§ **YOUR OBJECTIVE**:
Take the entries that follow and return only the lines from the one with "- City Edition" through the final line, leaving every picture behind.
========
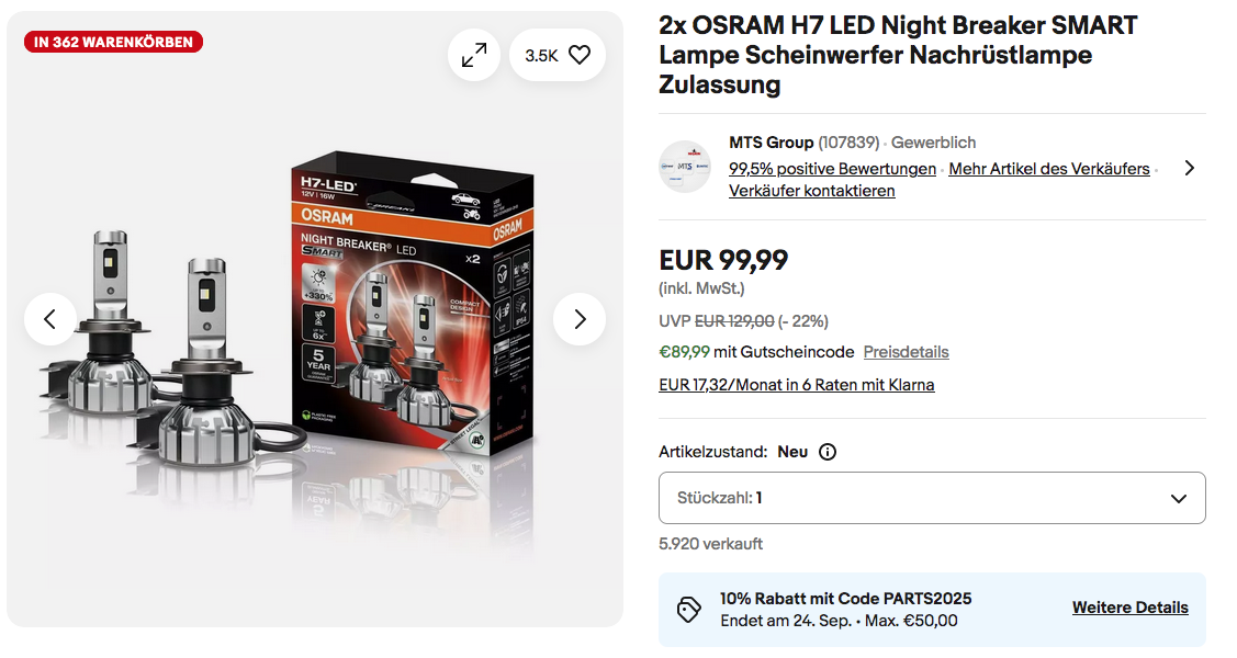 Dank dem Gutscheincode: PARTS2025 (zur Kasse gehen und dort einlösen) bekommt man bei eBay bis zum 24.09.2025 einen 10% Rabatt (2x einlösbar und max. 50€) auf ausgewählte Fahrzeugteile & Zubehör, solange der Vorrat reicht.
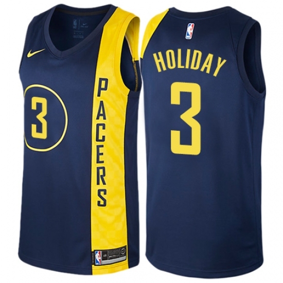 >Youth Nike Indiana Pacers #3 Aaron Holiday Swingman Navy Blue NBA Jersey - City Edition
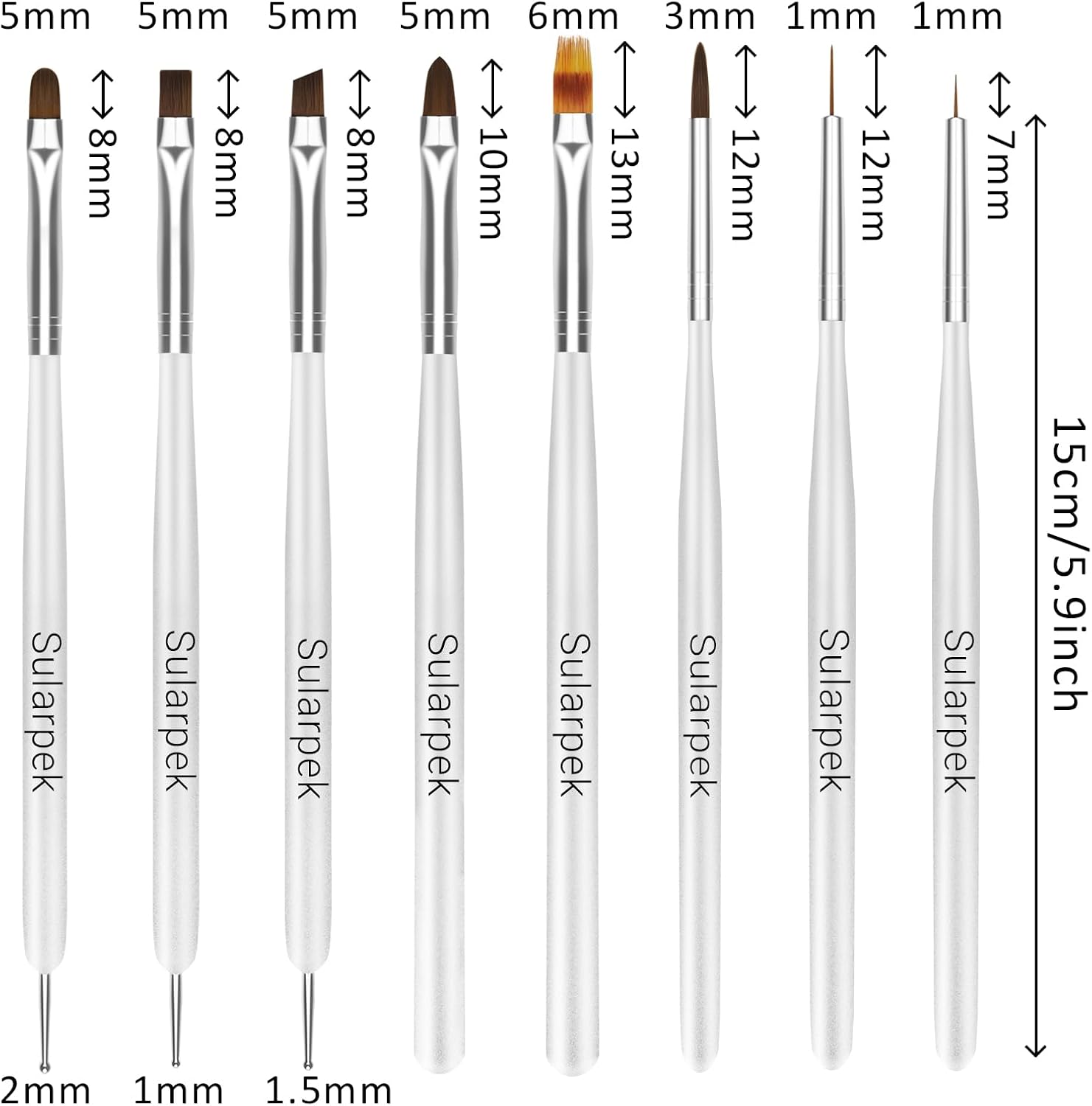 Sulropek 8-delige nagelborstelset, penseel voor gelnagels, nageldesignborstel, nail art dotting tools, nail art penseel voor gel acrylnagels nail art
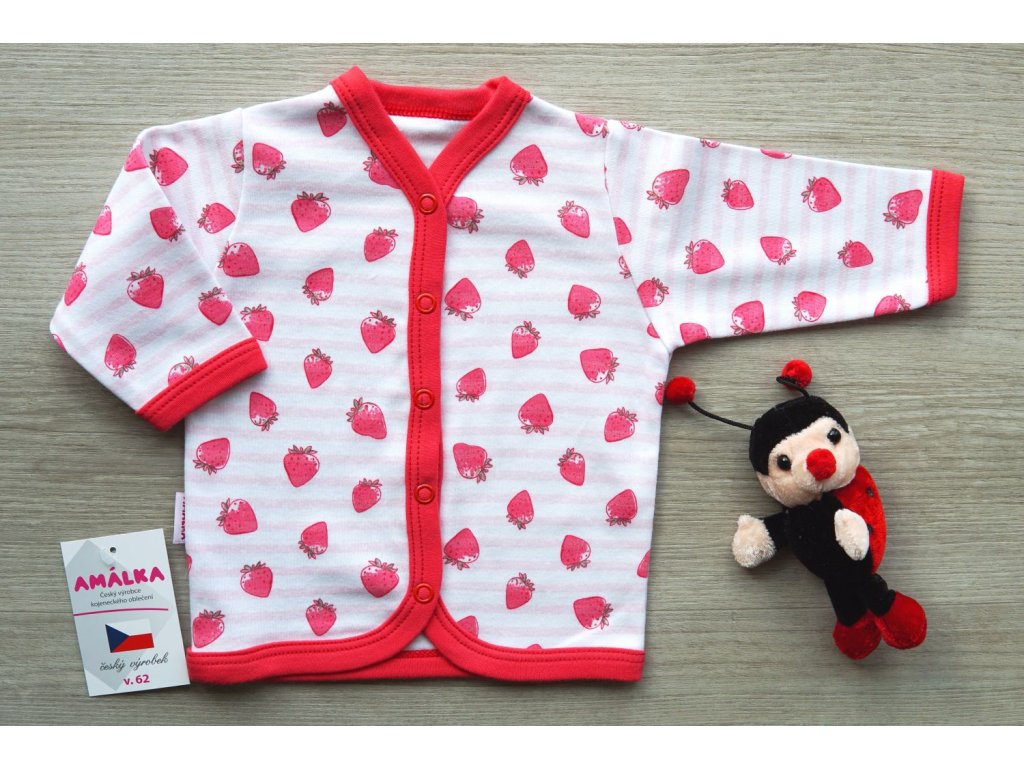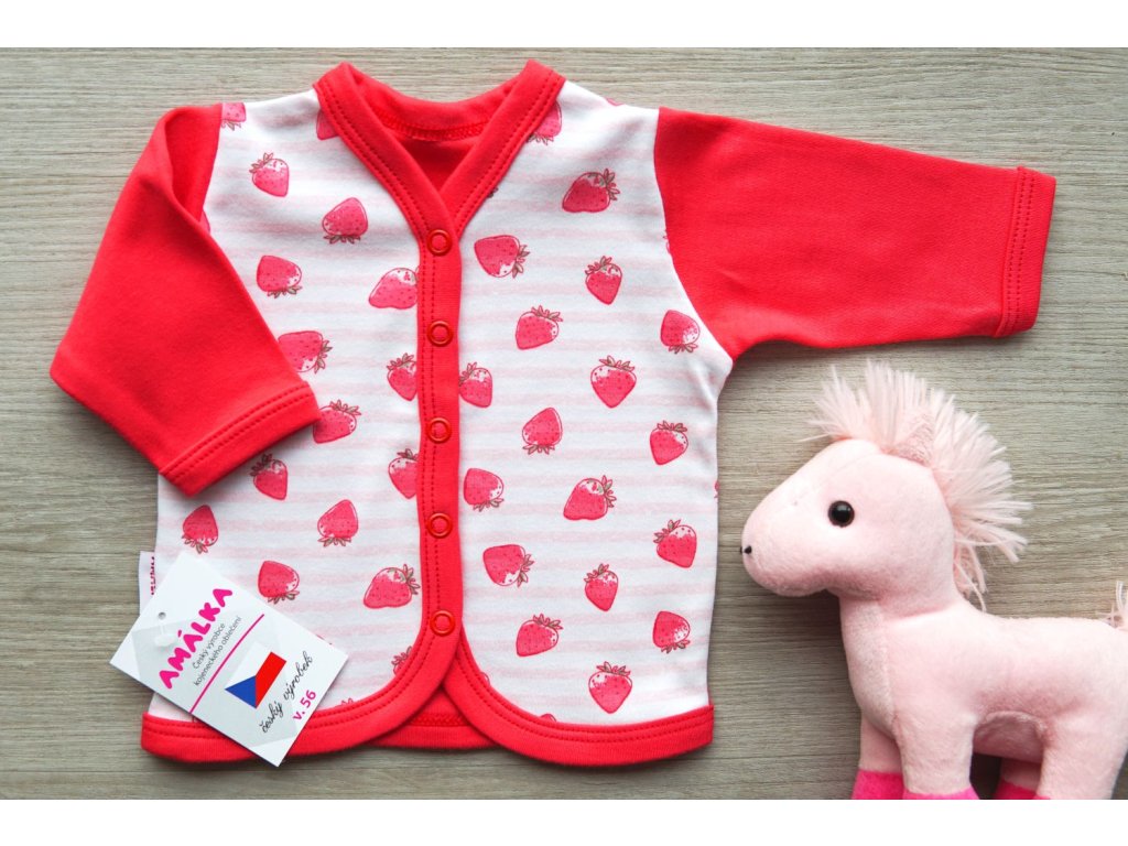 Kvalitní, kojenecký kabátek neboli tenčí mikina z příjemné, měkké bavlny. Něžný potisk s jahůdkami.
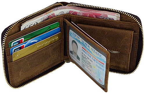 -. Title : Admetus Men's Genuine Cow Leather Zip-around Bifold Wallet Multi Card Holder Purse
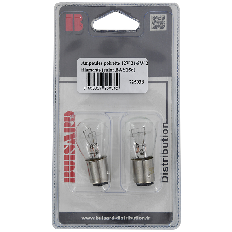 Ampoule poirette 12V 21/5W 2 filaments Hella en boite / Prix pièce par 10 RÉF : 14657 A partir de 1,61€ ht Détail
========
§ **EXERCISE ANSWER**:
 >Youth Nike Indiana Pacers #3 Aaron Holiday Swingman Navy Blue NBA Jersey - City Edition
 Sulropek 8-delige nagelborstelset, penseel voor gelnagels, nageldesignborstel, nail art dotting tools, nail art penseel voor gel acrylnagels nail art
 Kvalitní, kojenecký kabátek neboli tenčí mikina z příjemné, měkké bavlny. Něžný potisk s jahůdkami.
 -. Title : Admetus Men's Genuine Cow Leather Zip-around Bifold Wallet Multi Card Holder Purse
 Ampoule poirette 12V 21/5W 2 filaments Hella en boite / Prix pièce par 10 RÉF : 14657 A partir de 1,61€ ht Détail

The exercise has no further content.